Work instruction =>
Pictures aside, reproduce exactly and only the lines below, starting at the one containing "Manjša stanovanjska stavba" and ending at the last line.

Extracted information =>
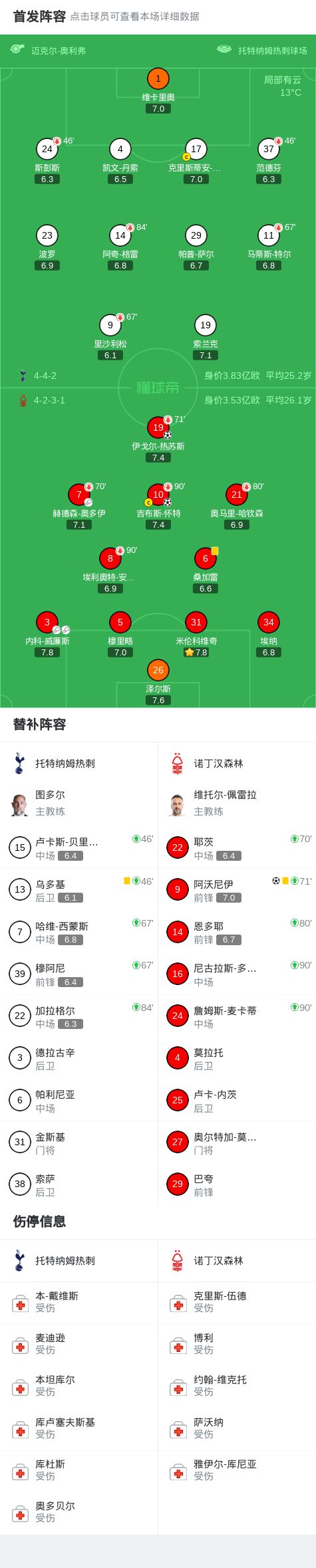 第87分钟,阿沃尼伊门前抢点破门,热刺0-3落后森林!
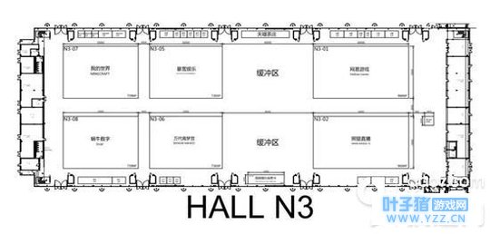 N2展馆同样是大厂云集,比如巨人网络、4399、空中网和完美世界游戏分割N2馆一半,而剩下的一半都是腾讯的天下,喜欢玩《王者荣耀》和《绝地求生》手游的玩家,不要错过这个展台的活动。 2018chinajoy N3展馆展台分布示意图
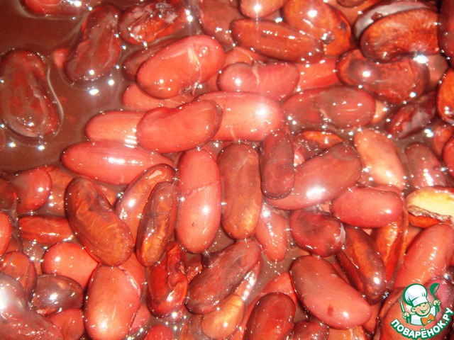 Фасоль промыть водой, добавить на 1 часть фасоли 4 части воды, довести до кипения и варить на медленном огне 2 часа
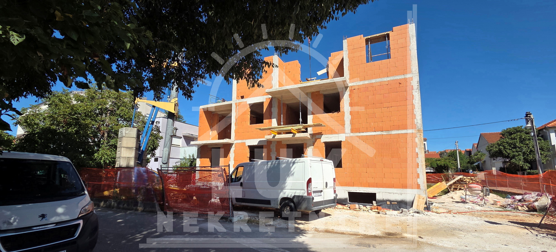 Manjša stanovanjska stavba z 9 stanovanjskimi enotami, Zadar (Borik) NOVOGRADNJA. Sestavljena je iz kleti, pritličja in dveh nadstropij. Stavba je zgrajena iz najkakovostnejših materialov (10 cm debela fasada - pričakovani energijski razred A+, protivlomna in protipožarna vhodna vrata v stanovanja, PVC zunanje stavbno pohištvo z mrežami proti komarjem in električnimi roletami, električno talno ogrevanje po celotnem stanovanju, kopalne kadi v kopalnicah, steklene ograje na balkonih, video domofon pri vhodu v stavbo). Kupec lahko izbere keramična ali parketna tla. Vsako stanovanje ima svojo shrambo v kleti stavbe in eno zunanje parkirno mesto. Stavba bo priključena na mestni kanalizacijski sistem.
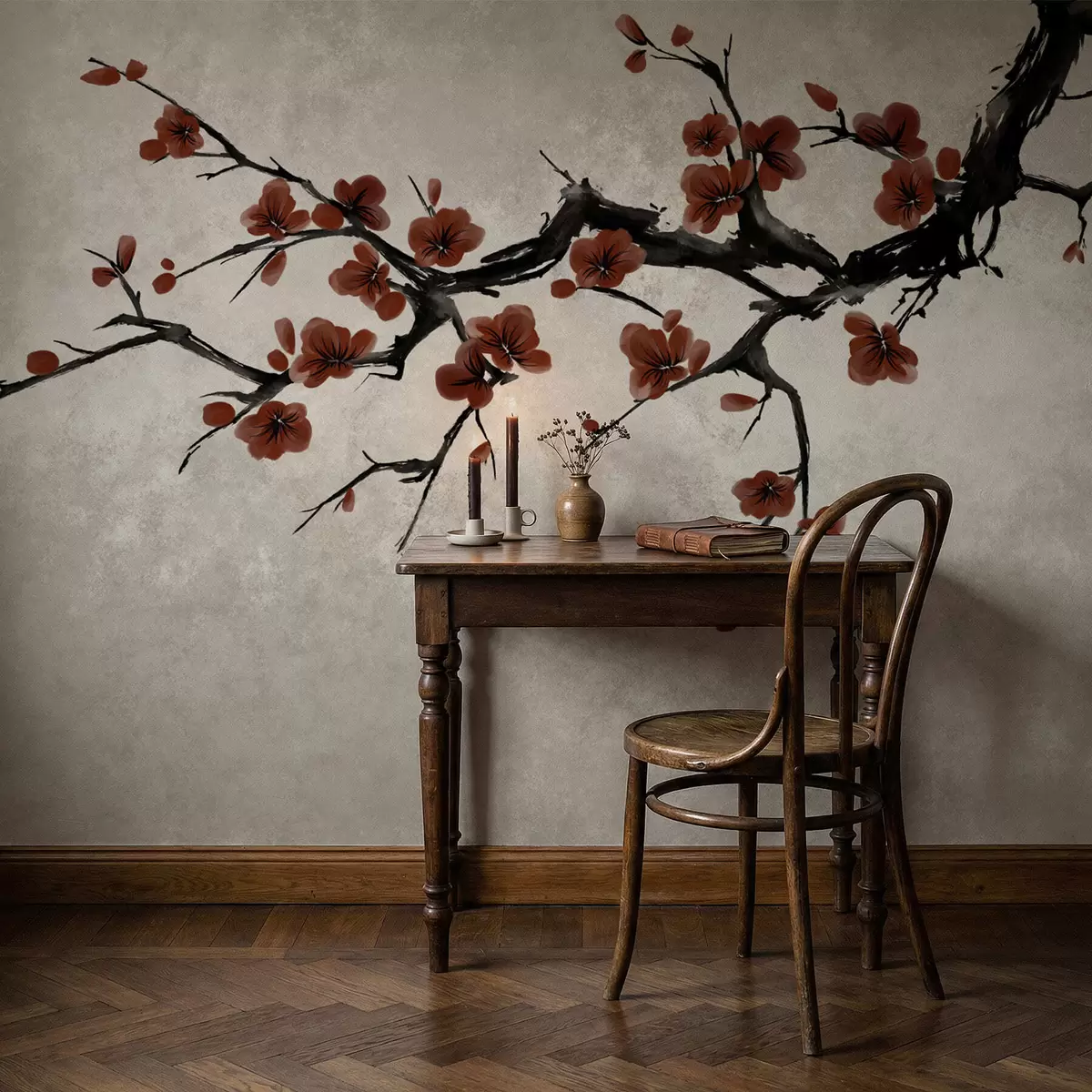 Fototapeten Zweig mit dunkelroten Blüten vor neutralem Hintergrund N° w05425v1

Result below =>
 Manjša stanovanjska stavba z 9 stanovanjskimi enotami, Zadar (Borik) NOVOGRADNJA. Sestavljena je iz kleti, pritličja in dveh nadstropij. Stavba je zgrajena iz najkakovostnejših materialov (10 cm debela fasada - pričakovani energijski razred A+, protivlomna in protipožarna vhodna vrata v stanovanja, PVC zunanje stavbno pohištvo z mrežami proti komarjem in električnimi roletami, električno talno ogrevanje po celotnem stanovanju, kopalne kadi v kopalnicah, steklene ograje na balkonih, video domofon pri vhodu v stavbo). Kupec lahko izbere keramična ali parketna tla. Vsako stanovanje ima svojo shrambo v kleti stavbe in eno zunanje parkirno mesto. Stavba bo priključena na mestni kanalizacijski sistem.
 Fototapeten Zweig mit dunkelroten Blüten vor neutralem Hintergrund N° w05425v1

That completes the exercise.